*Given data:*
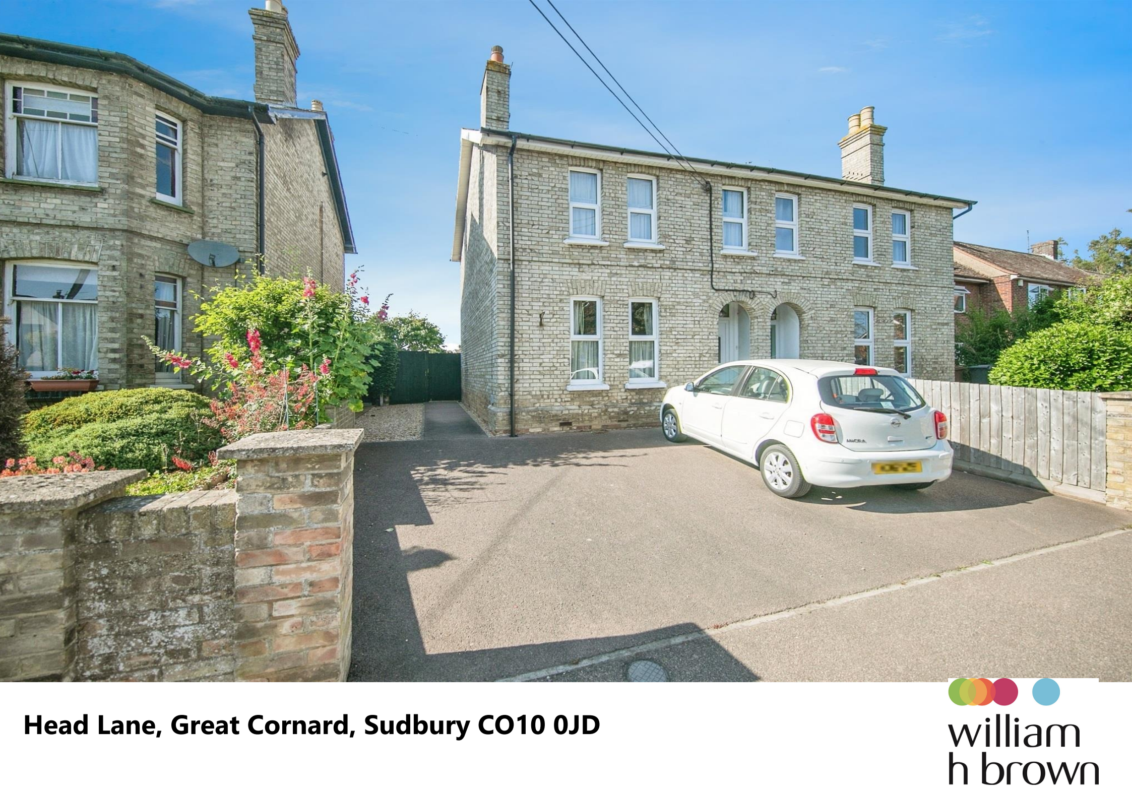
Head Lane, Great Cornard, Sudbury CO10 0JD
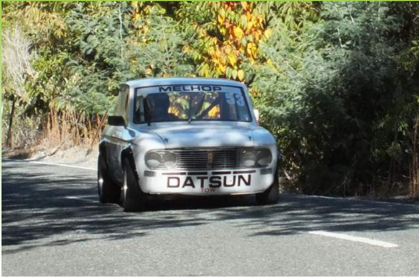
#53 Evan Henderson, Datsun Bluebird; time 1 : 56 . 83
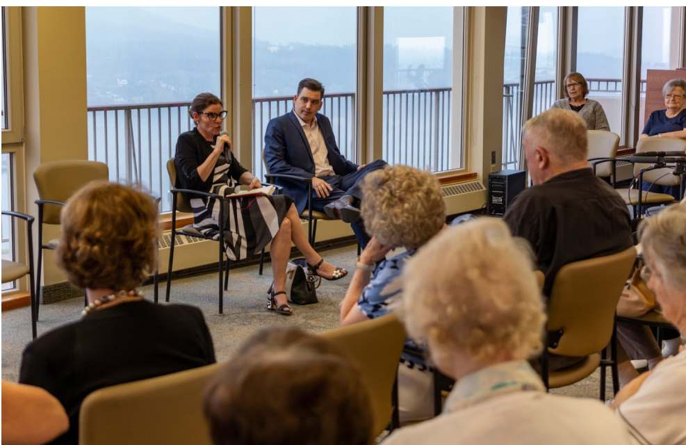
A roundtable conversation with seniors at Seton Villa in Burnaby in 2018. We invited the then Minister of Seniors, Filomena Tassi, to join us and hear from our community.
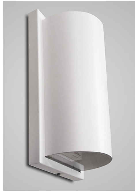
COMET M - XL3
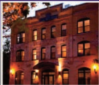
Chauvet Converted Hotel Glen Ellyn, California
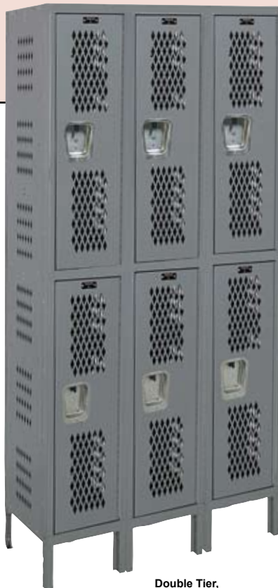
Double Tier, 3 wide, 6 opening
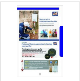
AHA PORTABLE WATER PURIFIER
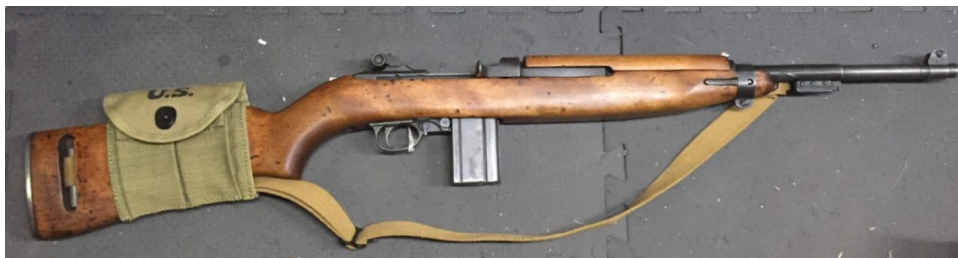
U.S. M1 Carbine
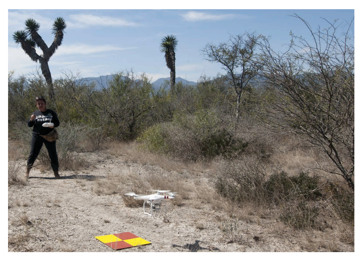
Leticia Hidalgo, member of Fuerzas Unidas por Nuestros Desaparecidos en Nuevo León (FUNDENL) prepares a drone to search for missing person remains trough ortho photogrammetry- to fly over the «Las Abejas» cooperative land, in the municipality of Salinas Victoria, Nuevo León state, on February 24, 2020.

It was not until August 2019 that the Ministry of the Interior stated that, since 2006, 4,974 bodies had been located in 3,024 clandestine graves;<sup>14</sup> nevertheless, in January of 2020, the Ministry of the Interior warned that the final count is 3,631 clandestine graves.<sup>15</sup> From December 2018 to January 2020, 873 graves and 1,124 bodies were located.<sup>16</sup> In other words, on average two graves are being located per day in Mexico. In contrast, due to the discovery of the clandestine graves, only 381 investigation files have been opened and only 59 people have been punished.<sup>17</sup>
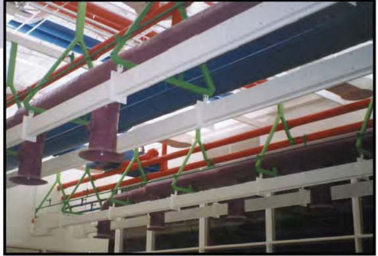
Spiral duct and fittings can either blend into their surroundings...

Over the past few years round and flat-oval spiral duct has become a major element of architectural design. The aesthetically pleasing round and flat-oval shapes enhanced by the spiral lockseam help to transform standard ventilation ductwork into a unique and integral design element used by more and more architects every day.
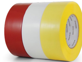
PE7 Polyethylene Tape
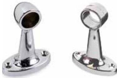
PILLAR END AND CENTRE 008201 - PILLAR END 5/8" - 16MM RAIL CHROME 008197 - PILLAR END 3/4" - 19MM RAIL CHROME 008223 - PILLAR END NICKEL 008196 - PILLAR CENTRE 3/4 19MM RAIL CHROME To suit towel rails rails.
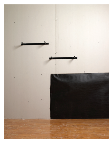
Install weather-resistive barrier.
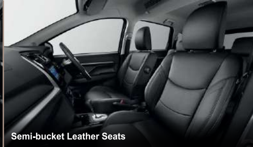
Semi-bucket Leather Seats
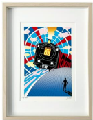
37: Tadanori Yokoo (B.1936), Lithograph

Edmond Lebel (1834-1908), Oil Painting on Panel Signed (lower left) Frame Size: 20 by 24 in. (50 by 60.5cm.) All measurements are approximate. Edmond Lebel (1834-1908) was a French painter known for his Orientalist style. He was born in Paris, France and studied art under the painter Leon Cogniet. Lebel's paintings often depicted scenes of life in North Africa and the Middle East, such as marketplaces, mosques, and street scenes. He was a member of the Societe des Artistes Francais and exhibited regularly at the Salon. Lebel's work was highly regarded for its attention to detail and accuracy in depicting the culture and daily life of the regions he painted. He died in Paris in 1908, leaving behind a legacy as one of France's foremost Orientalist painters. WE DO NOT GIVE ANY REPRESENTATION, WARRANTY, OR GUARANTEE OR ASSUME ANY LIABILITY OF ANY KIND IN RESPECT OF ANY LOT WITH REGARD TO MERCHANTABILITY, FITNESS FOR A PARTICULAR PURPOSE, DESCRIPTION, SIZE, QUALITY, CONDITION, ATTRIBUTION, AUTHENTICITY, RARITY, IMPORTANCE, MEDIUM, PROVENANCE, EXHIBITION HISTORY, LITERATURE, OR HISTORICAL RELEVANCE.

*Instructions to follow:* Where a picture appears in the data, omit it; restate the rest word for word.

*Task response:*
Head Lane, Great Cornard, Sudbury CO10 0JD
#53 Evan Henderson, Datsun Bluebird; time 1 : 56 . 83
A roundtable conversation with seniors at Seton Villa in Burnaby in 2018. We invited the then Minister of Seniors, Filomena Tassi, to join us and hear from our community.
COMET M - XL3
Chauvet Converted Hotel Glen Ellyn, California
Double Tier, 3 wide, 6 opening
AHA PORTABLE WATER PURIFIER
U.S. M1 Carbine
Leticia Hidalgo, member of Fuerzas Unidas por Nuestros Desaparecidos en Nuevo León (FUNDENL) prepares a drone to search for missing person remains trough ortho photogrammetry- to fly over the «Las Abejas» cooperative land, in the municipality of Salinas Victoria, Nuevo León state, on February 24, 2020.

It was not until August 2019 that the Ministry of the Interior stated that, since 2006, 4,974 bodies had been located in 3,024 clandestine graves;<sup>14</sup> nevertheless, in January of 2020, the Ministry of the Interior warned that the final count is 3,631 clandestine graves.<sup>15</sup> From December 2018 to January 2020, 873 graves and 1,124 bodies were located.<sup>16</sup> In other words, on average two graves are being located per day in Mexico. In contrast, due to the discovery of the clandestine graves, only 381 investigation files have been opened and only 59 people have been punished.<sup>17</sup>
Spiral duct and fittings can either blend into their surroundings...

Over the past few years round and flat-oval spiral duct has become a major element of architectural design. The aesthetically pleasing round and flat-oval shapes enhanced by the spiral lockseam help to transform standard ventilation ductwork into a unique and integral design element used by more and more architects every day.
PE7 Polyethylene Tape
PILLAR END AND CENTRE 008201 - PILLAR END 5/8" - 16MM RAIL CHROME 008197 - PILLAR END 3/4" - 19MM RAIL CHROME 008223 - PILLAR END NICKEL 008196 - PILLAR CENTRE 3/4 19MM RAIL CHROME To suit towel rails rails.
Install weather-resistive barrier.
Semi-bucket Leather Seats
37: Tadanori Yokoo (B.1936), Lithograph

Edmond Lebel (1834-1908), Oil Painting on Panel Signed (lower left) Frame Size: 20 by 24 in. (50 by 60.5cm.) All measurements are approximate. Edmond Lebel (1834-1908) was a French painter known for his Orientalist style. He was born in Paris, France and studied art under the painter Leon Cogniet. Lebel's paintings often depicted scenes of life in North Africa and the Middle East, such as marketplaces, mosques, and street scenes. He was a member of the Societe des Artistes Francais and exhibited regularly at the Salon. Lebel's work was highly regarded for its attention to detail and accuracy in depicting the culture and daily life of the regions he painted. He died in Paris in 1908, leaving behind a legacy as one of France's foremost Orientalist painters. WE DO NOT GIVE ANY REPRESENTATION, WARRANTY, OR GUARANTEE OR ASSUME ANY LIABILITY OF ANY KIND IN RESPECT OF ANY LOT WITH REGARD TO MERCHANTABILITY, FITNESS FOR A PARTICULAR PURPOSE, DESCRIPTION, SIZE, QUALITY, CONDITION, ATTRIBUTION, AUTHENTICITY, RARITY, IMPORTANCE, MEDIUM, PROVENANCE, EXHIBITION HISTORY, LITERATURE, OR HISTORICAL RELEVANCE.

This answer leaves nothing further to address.